Tren istasyonu öyle kalabalıktı ki, öğrenciler kendilerini kalabalığın hareket yönüne doğru bırakmış, akıntıya kapılmışçasına grup halinde yürüyorlardı. Ebeveynler ise her yerdeydi, platformu dolduran bağrışmalardan tutup da aralık pencerelerden içeri son öğütlerini yağdıran anneler ve babaların sesi kulak yırtıcı cinstendi. İnsanda bir şekilde daha hızlı hareket etme isteği uyandırıyordu.

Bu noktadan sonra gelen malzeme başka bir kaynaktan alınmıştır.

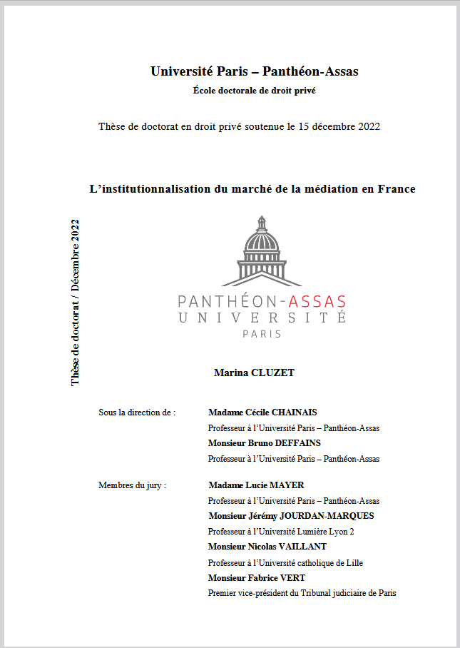 « La résolution des conflits constitue un besoin impérieux auquel toute société se doit d’apporter une réponse. Plusieurs voies sont proposées aux citoyens, parmi lesquelles l’accès à un juge qui fait figure, en France, de voie royale. Certes, la médiation apparaît comme une voie naturelle de résolution des différends, propre à pallier les insuffisances du procès. Pourtant, la voie juridictionnelle demeure privilégiée en France alors même qu’elle n’est pas, en soi, la plus efficace sur un plan économique. La présente thèse s’attache à identifier les causes et conséquences de ce qui apparaît ainsi comme une véritable tendance culturelle. La thèse démontre que le marché de la médiation se caractérise, en France, par un état relatif de sous-développement. Depuis la loi n° 95-125 du 8 février 1995, la médiation ne rencontre pas le succès escompté. L’étude montre que cet état de fait trouve sa source dans les défaillances plurielles du marché de la médiation, qui freinent son développement. Prenant appui sur une analyse transdisciplinaire du marché de la médiation, il sera démontré que l’institutionnalisation du marché de la médiation – préalable à un renversement de paradigme culturel – est nécessaire pour permettre l’essor de la médiation. La thèse plaide, en conséquence, pour une intervention étatique en la matière. Au-delà de l’intervention directe de l’Etat, elle suggère d’encourager les acteurs présents sur le marché de la médiation à favoriser la demande et à sécuriser l’offre de médiation. C’est à cette aune qu’est analysée, dans le cadre d’une démarche microéconomique, la mise en place inédite d’un dispositif interne de médiation au sein de la société Air France. » (Extrait)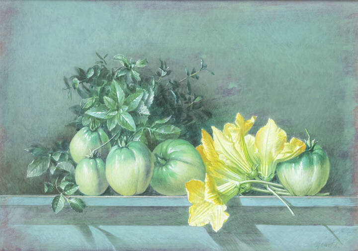 29x40 acrilico su carta Opera firmata in basso a destra Già Galleria Fogliato Torino (etichetta al retro)

Ancak bu durum Remus Lupin için geçerli değildi. Ailesi tren istasyona henüz yaklaşmışken perona gelmiş, geldikleri gibi de hızlı bir şekilde vedalaşıp gitmişlerdi. Ne annesi ne de babası bu vedayı uzun tutmamışlardı, ve bu genç adamın işine geliyordu.
Boş kompartmanın camından dışarıyı izlerken kalbi suçluluk hissiyle doldu, nedenini biliyordu. Ne zaman ailesiyle vedalaşması gerekse, yüreğine su serpiliyor, adeta omuzlarından bir yükü atarmışçasına rahatlıyordu. Bunun sebebini biliyordu aslında. Bunun sebebi ebeveynlerinin ona olan bakışlarıydı.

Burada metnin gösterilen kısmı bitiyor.